Scooby Enterprises Ltd v Kenya Urban Roads Authority & County Government Of Kisii [2021] KEHC 7542 (KLR)
Full Case Text
REUBLIC OF KENYA
IN THE HIGH COURT OF KENYA
AT KISII
CONSTITUTIONAL PETITIONS NO 8 OF 2020
IN THE MATTER OF ARTICLES, NO 3 (1), 10, 20, 21, 23, 27 (1) & (2), 40(1),
43 (1),47, 50, 60, 232 (2) & 260 OF THE CONSTITUTION OF KENYA, 2010
AND
IN THE MATTER OF SECTION 4 OF THE FAIR ADMINISTRATIVE ACTION ACT, 2015
AND
IN THE MATTER OF SECTION 70 OF THE KENYA ROADS ACT NO 2 OF 2007
AND
IN THE MATTER OF SECTION 3 OF THE COUNTY GOVERMENTS ACT, 2012
BETWEEN
SCOOBY ENTERPRISES LTD..............................................................................PETITIONER
VERSUS
KENYA URBAN ROADS AUTHORITY.....................................................1ST RESPONDENT
COUNTY GOVERNMENT OF KISII.........................................................2ND RESPONDENT
RULING
1. The petitioner herein filed a petition together with a Notice of Motion application dated 17th June 2020 and moves the Court for orders:
1. Spent
2. Spent
3. Spent
4. THAT PENDING the hearing and determination of this Petition, there be conservatory orders restraining and/ or prohibiting the respondents from implementing the decision of “Maximum Load 10 Tonnes limit” restricting and/or outlawing the usage of Rehabilitated Kisii Main Stage – Getare Road to M/ vehicles of over 10 tonnes.

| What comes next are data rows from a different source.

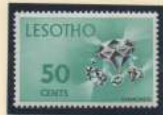
'Brilliant' cut white Diamond

The stone was cut by a craftsman into a 23.6 round brilliant cut stone. It was placed into a Platinum and white Diamond setting as the centre of a Jonquil flower, forming a brooch worn by the Queen to this day.
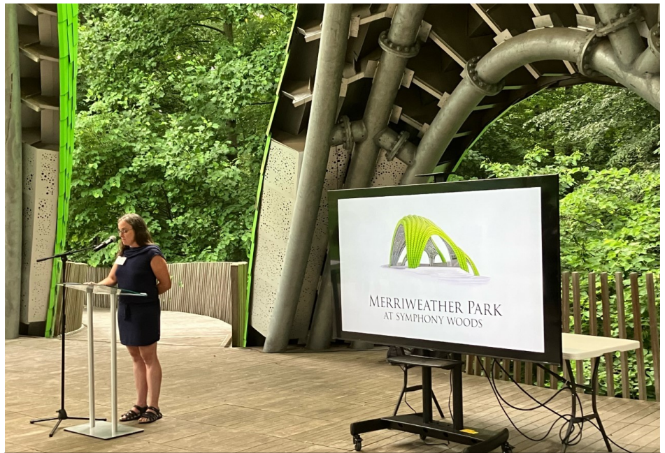
EcoWorks: Native Garden Installation
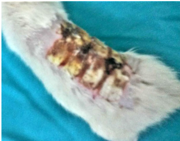
Figure 2. The final burn scars at the time of the sacrifice.

Tissue samples were homogenized with a tissue homogenizer (Bioprep24, Allsheng). Homogenized samples were first centrifuged at 2500 g at + 4°C for 10 min (Hermle Z326K). After centrifugation, the supernatant was centrifuged again at 20000g for 20 min at + 4°C to obtain samples.
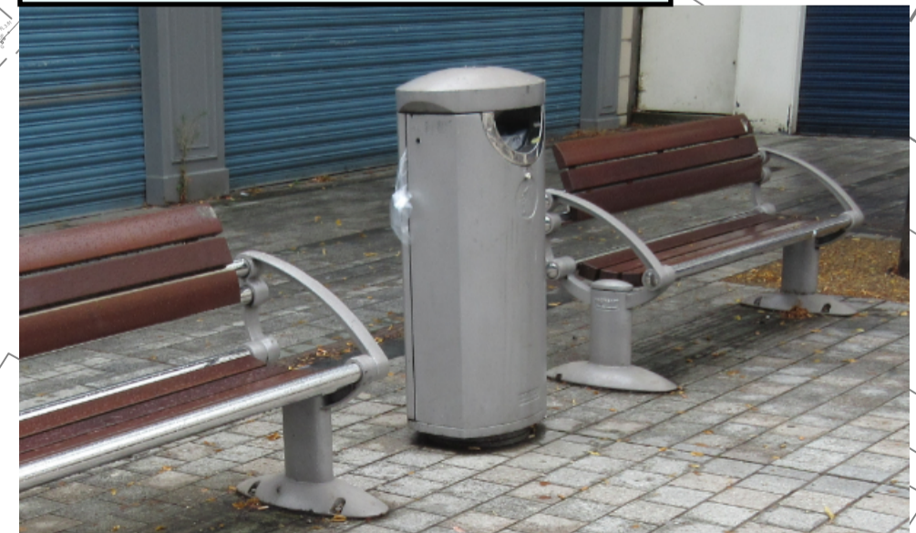
LITTER BIN & SEATS TO BE LOCATED AWAY FROM DESIRE LINES
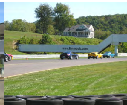
Lime rock main straight approaching Big Bend. Sept 05
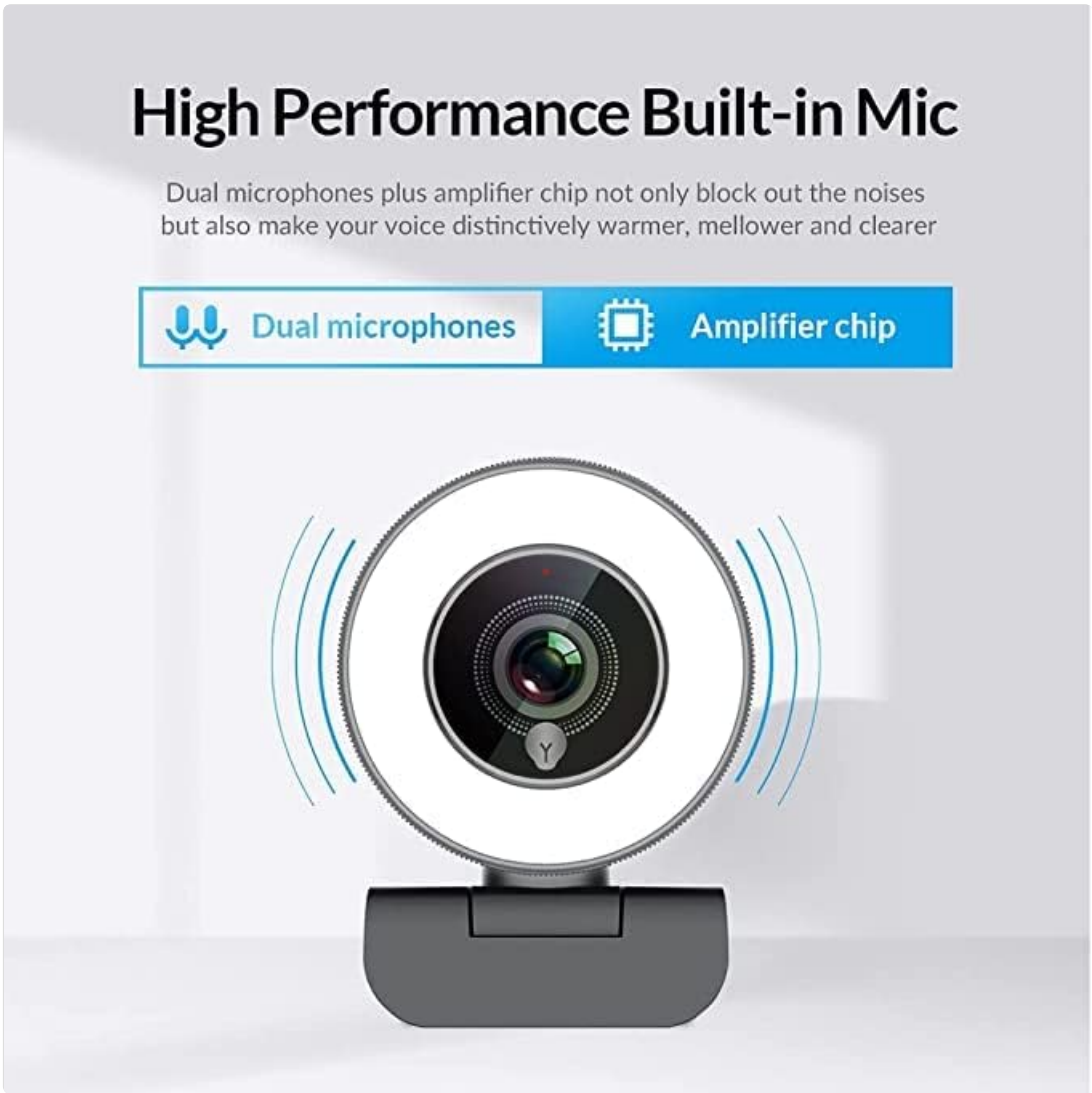
Image: A diagram illustrating the webcam's dual noise-canceling microphones and amplifier chip for enhanced audio quality.

The integrated dual noise-canceling microphones are designed to capture clear audio while minimizing background distractions. Ensure the webcam is positioned appropriately to optimize sound pickup, ideally within 3 meters for best results.
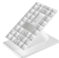
40598 - Voxie desktop white
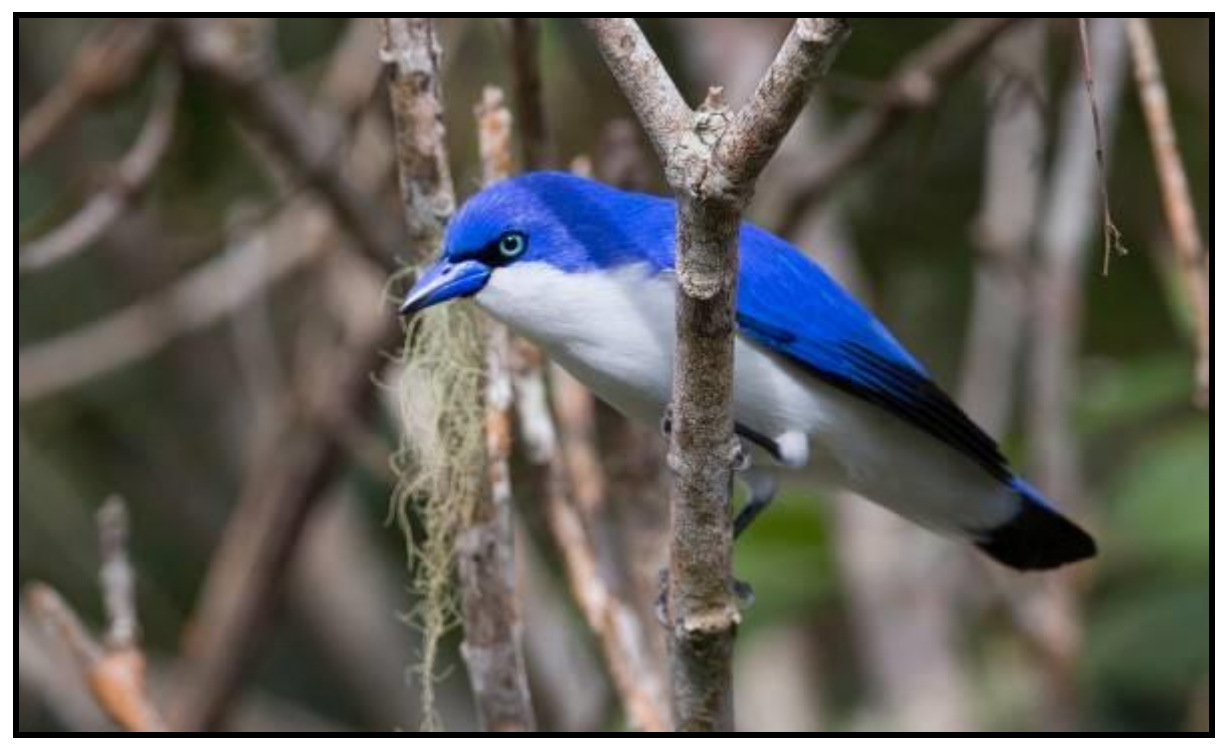
Blue Vanga - Cyanolanius madagascarinus (Comoros subspecies, potential split)

Greater Vasa Parrot, African Palm Swift, Moheli Bulbul, Malagasy White-eye, Malagasy Green Sunbird, Yellow-billed Kite, and spectacular flybys onto the volcanic ridges of Peregrine Falcon and a pair of the sought-after Malagasy Harrier before we headed back to town to prepare for our departure in the morning.
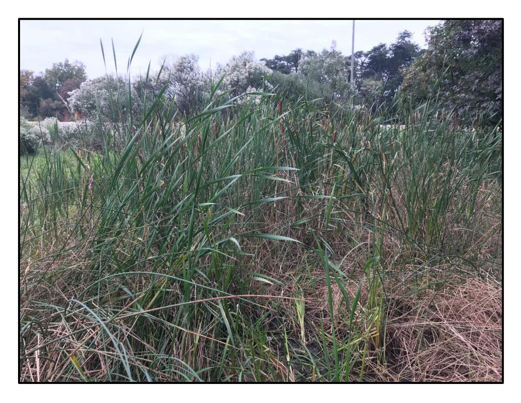
Wetland \ 7LL-PEM

5. THAT in the alternative, PENDING the hearing and determination of this Petition herein, there be conservatory order restraining and/or prohibiting the Respondents, their agents, servants and traffic police officers from arresting drivers of M/vehicles of over 10 tonnes using the Rehabilitated Kisii Main Stage – Getare Road and in particular drivers of M/vehicles delivering goods to the Petitioner’s go downs situate on Plot LR CENTRAL/KITUTU/MWAMOSIOMA/2758 along the Rehabilitated Kisii Main Stage – Getare Road.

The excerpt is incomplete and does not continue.